Staying in Europe Over 90 Days: How I Do It

This post was last updated on May 11, 2024.

So you want to be a digital nomad in Europe. Great! Me too. But for Americans and most other non-EU citizens, this move comes with complications. Staying in Europe over 90 days is tricky without an EU passport.

That’s because of the rules of the Schengen Zone – you can only stay in most of the EU on a tourist visa for 90 days within a 180-day period. So if you spend three months in Greece, you can’t hop over to France, or Germany, or the vast majority of EU countries. 
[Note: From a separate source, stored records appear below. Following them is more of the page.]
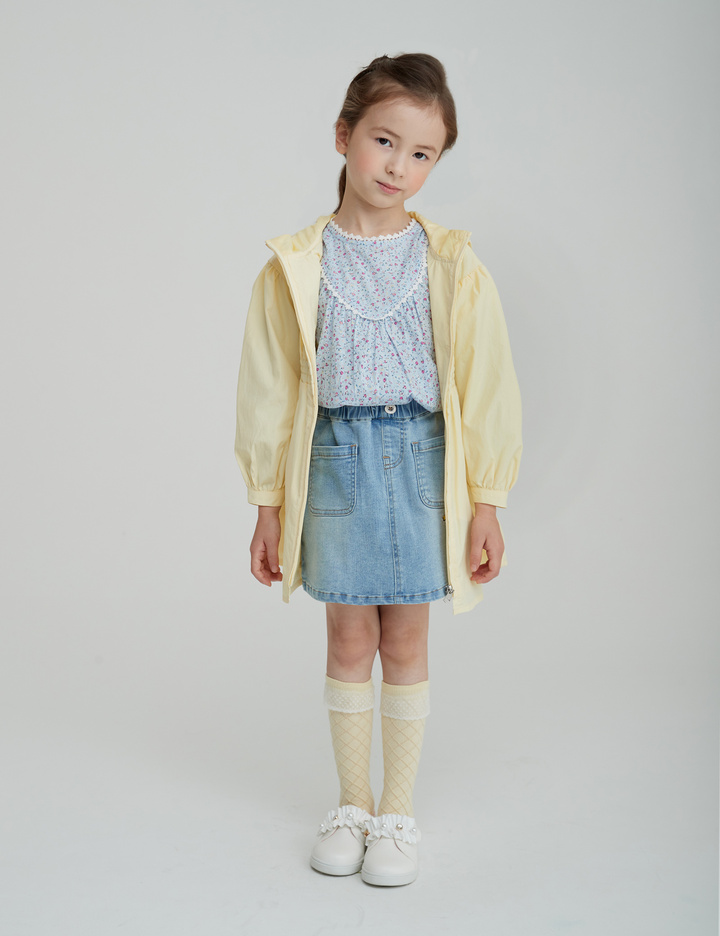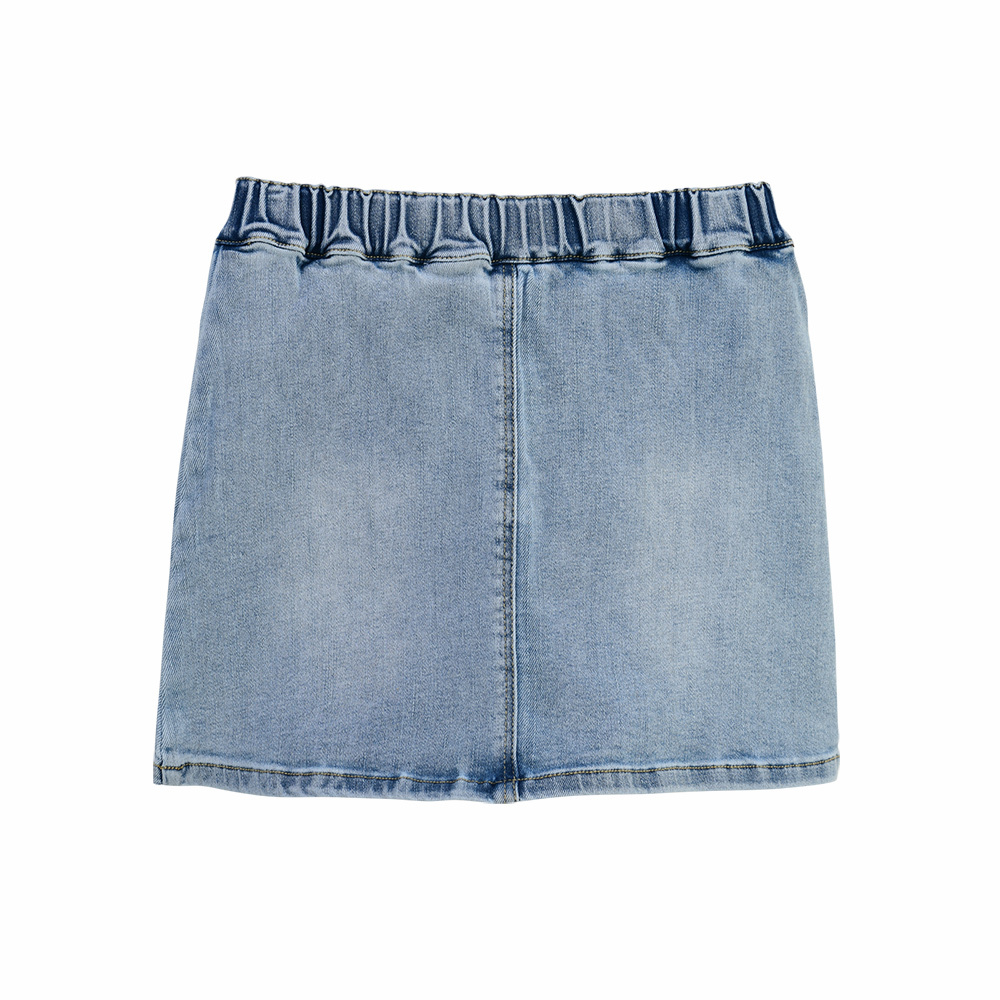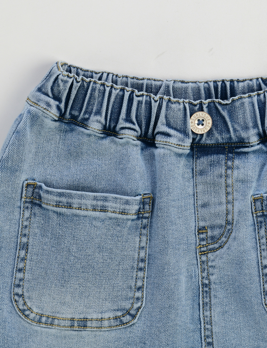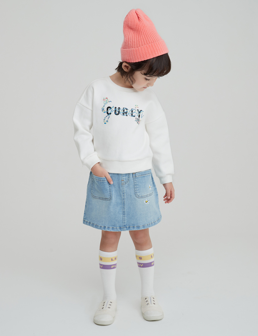 귀여운 꽃자수가 포인트인 데님 스커트입니다. 세미 A 라인에 신축성이 좋아 편안하게 입을 수 있습니다.
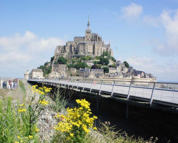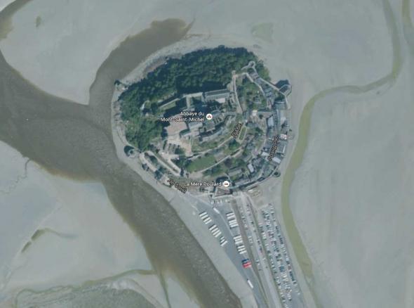 Мон-Сен-Мише́ль (фр. Mont Saint-Michel, норманд. Mont Saint Miché — гора святого Михаила) — расположен в Нормандии, департамент Манш, на острове-скале, возвышающейся над средним уровнем моря на 78,8 метра, и резко выделяется на фоне окружающего его пространства бухты и плоского берега.
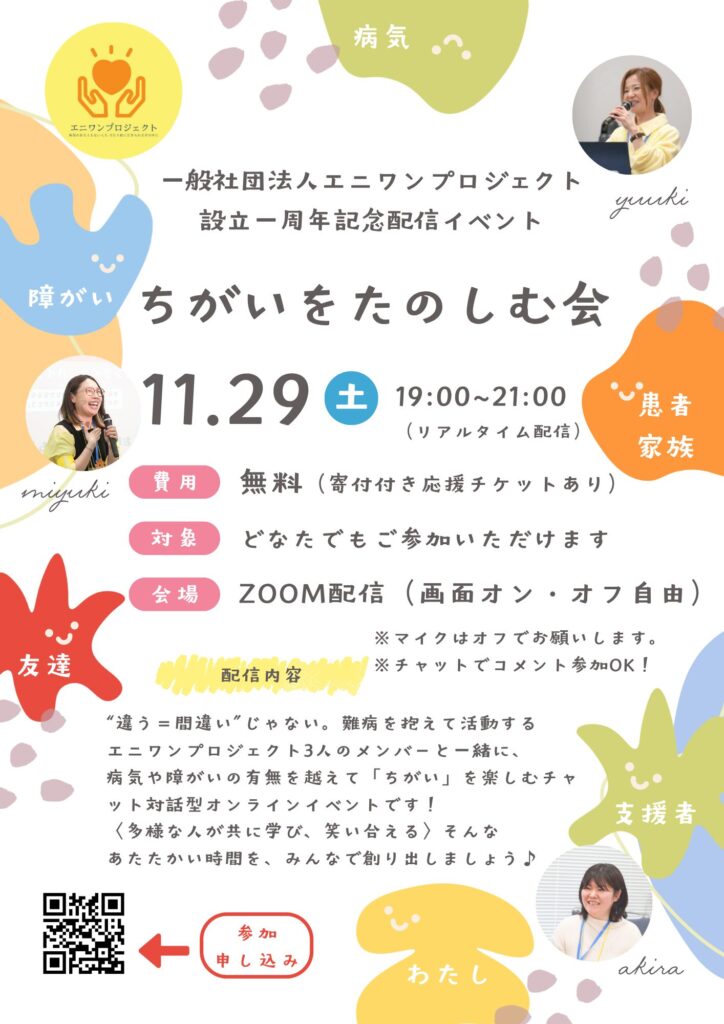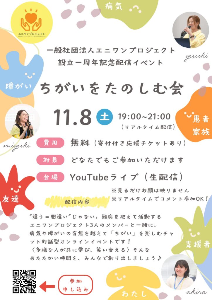エニワンプロジェクトは、設立初年度から「病気がある人もない人も、笑顔でつながる社会」を目指して活動を続けています。
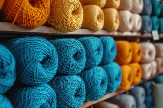 Colorful Array of Yarn Skeins Organized Neatly on Wooden Shelves
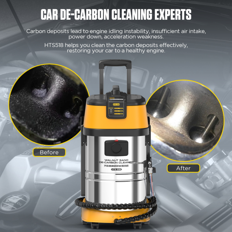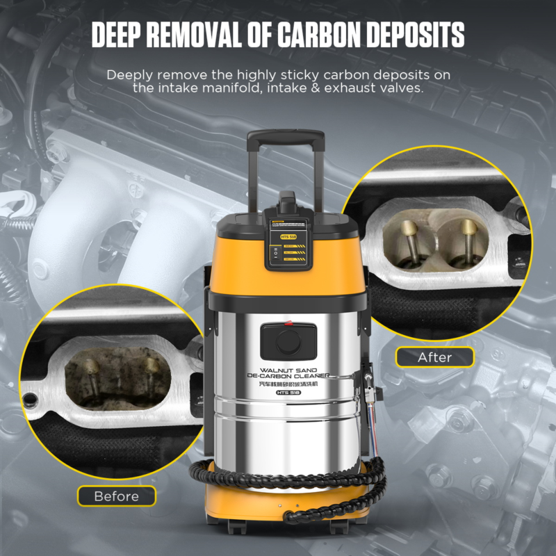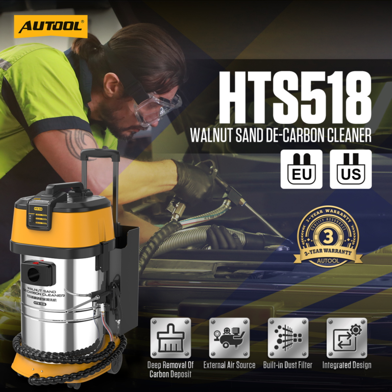 - That is why we need the AUTOOL HTS518 walnut blaster to clean the carbon deposition in the intake pipe. AUTOOL HTS518 cleans one intake pipe each time, and the 6-cylinder engine should cleaned 6 times one by one(and so on).

That’s a big cramp in the digital nomad lifestyle! So how can you stay in Europe over 90 days? There’s not one easy answer, and it gets pretty complicated to figure out the first few times you do this (legally, anyways). But with some careful planning, it can be done and you’ll have a great time doing it too. 

Here’s my strategy. 

What is the Schengen Zone?

Americans and citizens of many non-EU countries, like Canada and the UK, can come to the Schengen Zone of Europe for 90 days in a 180-day period without having to apply for a visa if you’re a tourist. Sound simple? 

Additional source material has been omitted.